Burnout as a performance metric?

At some point, exhaustion stopped being a warning sign and started being treated like evidence of value.

But the data tells a different story.

In Canada, roughly one in three workers reports feeling burned out often or always. Women report higher rates of emotional exhaustion and role overload than men across national workplace surveys.

Globally, the pattern intensifies.

According to McKinsey & Company’s Women in the Workplace research, women are more likely than men to report burnout symptoms, and more likely to consider leaving their roles as a result. Senior-level women, the very leaders companies claim they want to retain, report some of the highest burnout rates.

This isn't a motivation gap.

It's a design flaw.

How Exhaustion Became a Signal of Value

Culturally, we’ve redefined commitment.

Long hours signal seriousness.
Immediate responses signal ambition.
Visible fatigue signals importance.

Presence becomes the proxy for performance.

But Harvard Business Review research consistently shows that burnout correlates with lower engagement, higher absenteeism, and increased turnover intent. Employees experiencing burnout are significantly more likely to disengage or exit.

Burnout does not predict loyalty.
It predicts attrition.

In Canada, stress-related disability claims and lost productivity tied to mental health cost employers billions annually. The World Health Organization classifies burnout as chronic workplace stress that has not been successfully managed.

This isn't a wellness problem.

It's an operating model problem.

Women Are Carrying More Than Their Share

Burnout is not evenly distributed.

Statistics Canada consistently reports that women perform more unpaid labour than men — even when employed full-time.
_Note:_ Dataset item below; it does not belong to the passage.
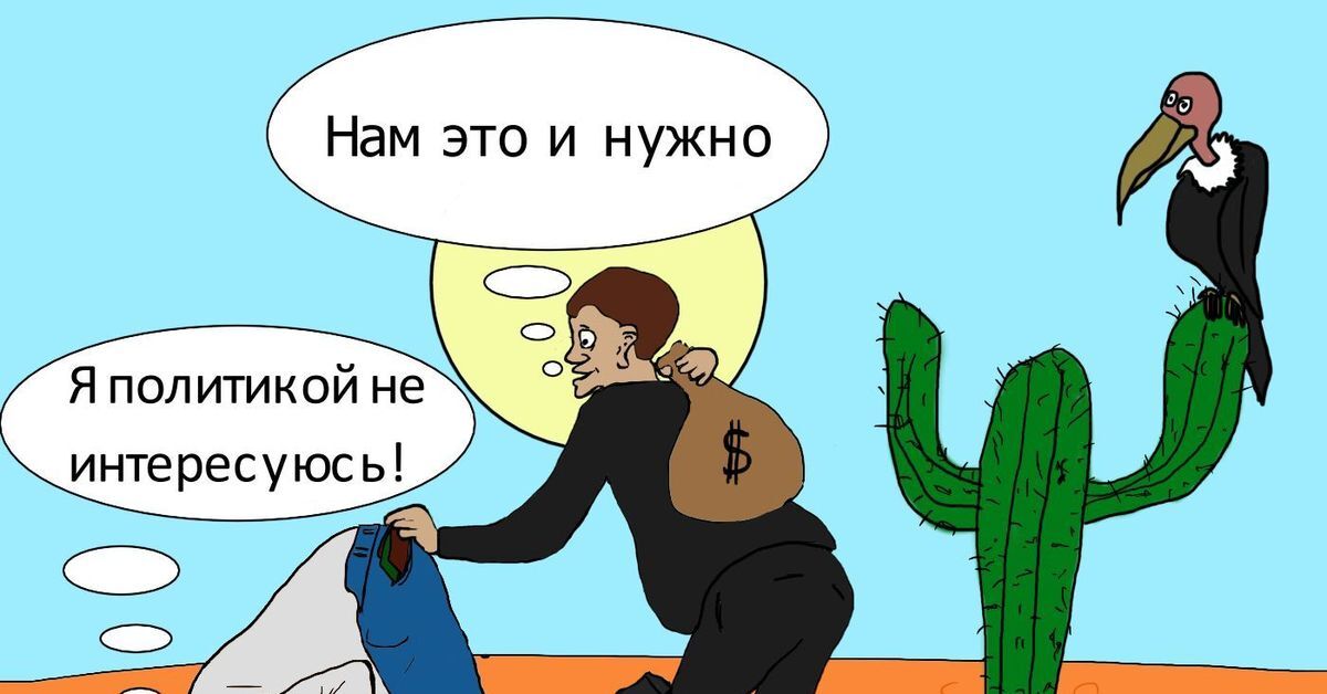 Если человек не интересуется политикой, то политика все-равно заинтересуется им. Что мы, собственно, и видим. Рост цен, падение экономики, санкции, низкий рейтинг на международном уровне из-за лидера.

McKinsey refers to this as the “double shift”: professional responsibility layered on top of disproportionate care and coordination work.

Women are more likely to report:

  • Emotional exhaustion

  • Role overload

  • Stress tied to conflicting expectations

Invisible labour — emotional management, coordination, relational maintenance — rarely appears in compensation models or promotion criteria. Yet organizations rely on it daily.

When burnout is normalized, the system quietly depends on women to absorb excess workload.

We call it resilience.
It is extraction.

If burnout were personal weakness, it would be randomly distributed.

It isn’t.

It clusters by gender, caregiving status, and organizational culture.

That is structural.

Burnout Is a Systems Problem

Meditation apps can't fix misaligned incentives.
Resilience training can't compensate for unclear priorities.
Self-care can't substitute for system care.

High-performing organizations — as documented repeatedly in HBR and McKinsey performance studies — are built on clarity of expectations, disciplined workload allocation, and shared accountability.

Speed without structure erodes performance.

Burnout is expensive because it's structural. Roles are designed without limits. Expectations are set without resources. And when strain becomes visible, responsibility is pushed downward.

But misaligned systems are not fixed at the individual level. They are redesigned at the leadership level.

A Better Measure of Performance

What if effectiveness replaced exhaustion as the signal?

What if we measured:

  • Output instead of availability

  • Clarity instead of chaos

  • Sustainability instead of sacrifice

Well-designed work doesn't require people to hollow themselves out to succeed.

Burnout isn't evidence of dedication.

It is evidence of system failure.

The BFT Take

We're not interested in glorifying survival.

We're interested in studying the women who refused to normalize depletion — the founders, operators, and executives who redesigned workflows, restructured expectations, and rebuilt cultures around clarity and leverage.

The future of women’s work won't be powered by exhaustion.

It will be built by leaders who understand that sustainable performance compounds and that the real competitive advantage isn’t who can endure the most.

It’s who can build the smartest system.